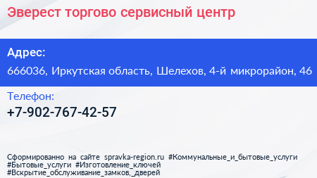 Эверест, торгово-сервисный центр по адресу 666036, Иркутская область, Шелехов, 4-й микрорайон, 46 в дальнейшем Организация, размещена в следующих категориях:
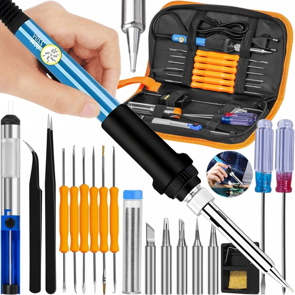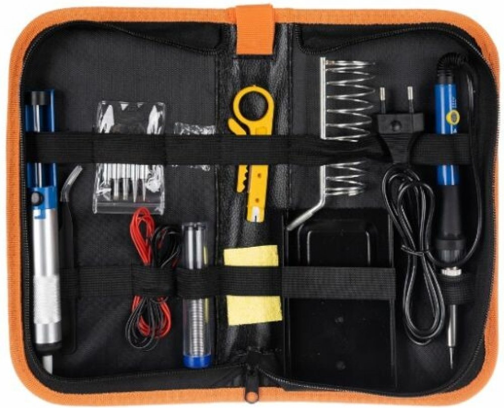 Jedná se o XL set, ve kterém najdete pájku a pájecí příslušenství jako je cín, vyměnitelné hroty, pinzety a mnoho dalších nástrojů
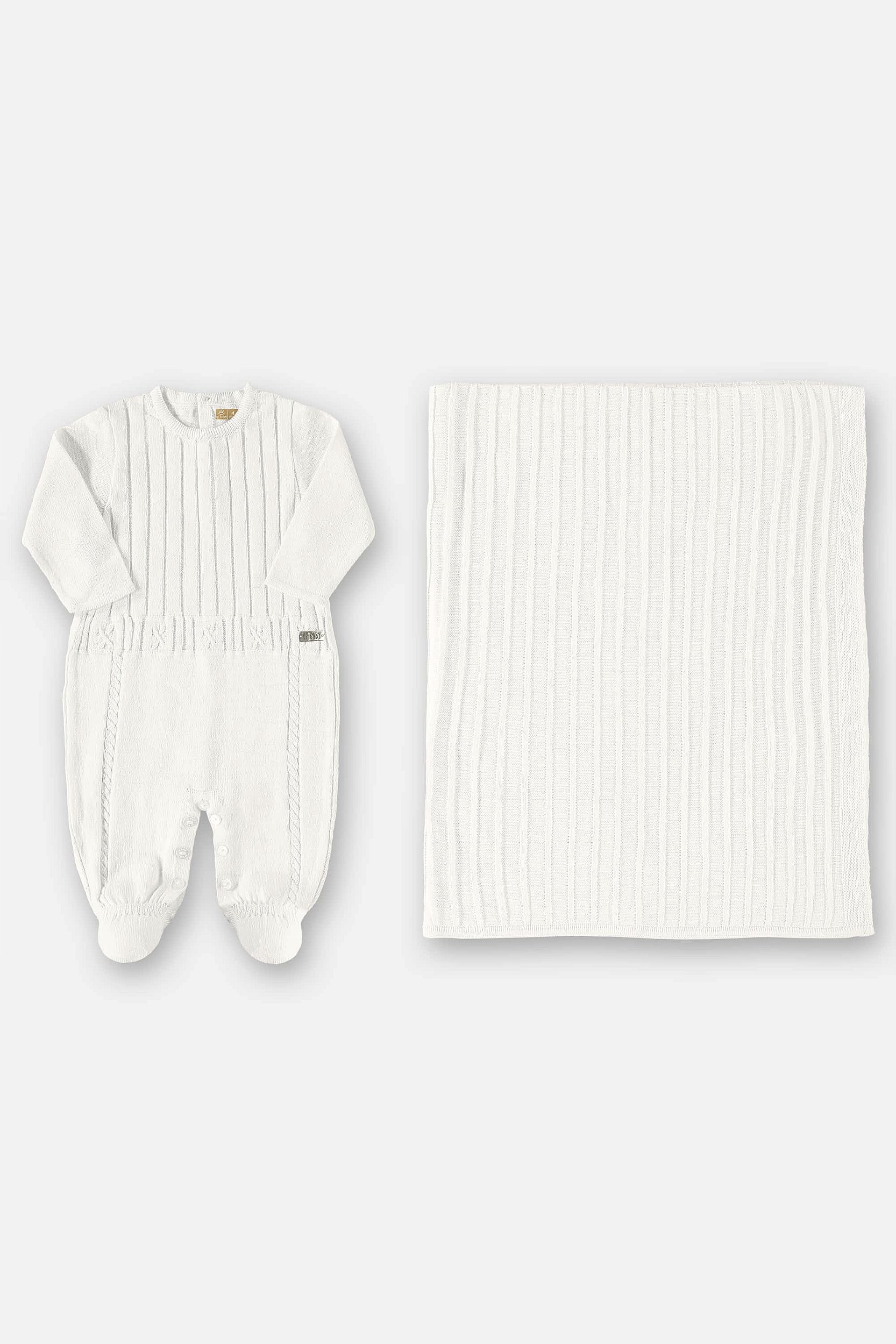 Composto por um macacão e uma manta produzidos em tricot na cor off white, este conjunto é extremamente confortável e macio, garantindo o bem-estar do seu pequeno desde o primeiro momento. O macacão possui pezinho, o que garante a proteção dos pés do seu bebê e mantém seu corpo sempre aquecido. Com abertura com botões e caseados nas costas e entrepernas, este macacão é extremamente prático e fácil de vestir. A manta em tricot é perfeita para envolver o seu bebê com muito amor e aconchego.
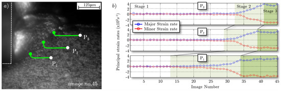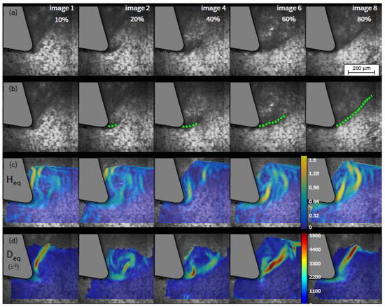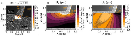 The displacement field measurement provide quantitative data that help to predict the strain, strain rates, stress, and surface integrity [24,25]. In addition, local data measurements enable enhancing and validating numerical models that could better describe the thermo-mechanical load at the local scale.
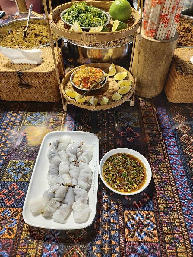 越南小卷粉,制作过程有点类似广东的肠粉,调制的米浆刷在板上加热熟后,加入剁成细末的各种香菇丁、肉末、榨菜等,然后用竹片滚成卷,青柠辣椒蘸料卤水,写着口水都要流出来了……
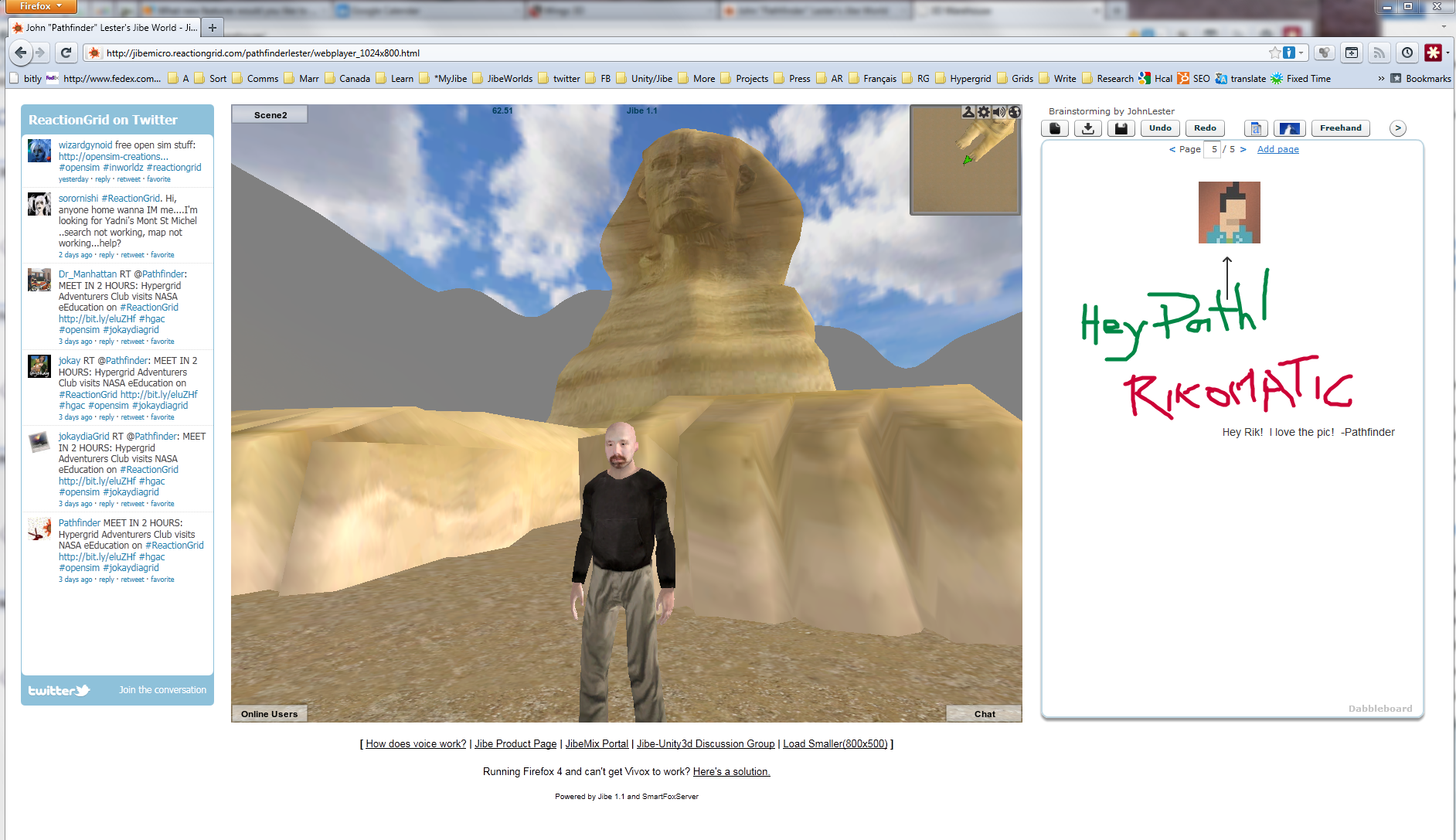 Search the forest around my Jibe world for a magical flower garden.  From there, you’ll see the Sphinx in the distance.  I scaled the Sphinx up so that it’s accurately sized in relation to your avatar, so it’s pretty hard to miss.

### WORK INSTRUCTION
Keep the pictures out and transcribe the listing exactly.

### EXERCISE SOLUTION
 Эверест, торгово-сервисный центр по адресу 666036, Иркутская область, Шелехов, 4-й микрорайон, 46 в дальнейшем Организация, размещена в следующих категориях:
 Jedná se o XL set, ve kterém najdete pájku a pájecí příslušenství jako je cín, vyměnitelné hroty, pinzety a mnoho dalších nástrojů
 Composto por um macacão e uma manta produzidos em tricot na cor off white, este conjunto é extremamente confortável e macio, garantindo o bem-estar do seu pequeno desde o primeiro momento. O macacão possui pezinho, o que garante a proteção dos pés do seu bebê e mantém seu corpo sempre aquecido. Com abertura com botões e caseados nas costas e entrepernas, este macacão é extremamente prático e fácil de vestir. A manta em tricot é perfeita para envolver o seu bebê com muito amor e aconchego.
 The displacement field measurement provide quantitative data that help to predict the strain, strain rates, stress, and surface integrity [24,25]. In addition, local data measurements enable enhancing and validating numerical models that could better describe the thermo-mechanical load at the local scale.
 越南小卷粉,制作过程有点类似广东的肠粉,调制的米浆刷在板上加热熟后,加入剁成细末的各种香菇丁、肉末、榨菜等,然后用竹片滚成卷,青柠辣椒蘸料卤水,写着口水都要流出来了……
 Search the forest around my Jibe world for a magical flower garden.  From there, you’ll see the Sphinx in the distance.  I scaled the Sphinx up so that it’s accurately sized in relation to your avatar, so it’s pretty hard to miss.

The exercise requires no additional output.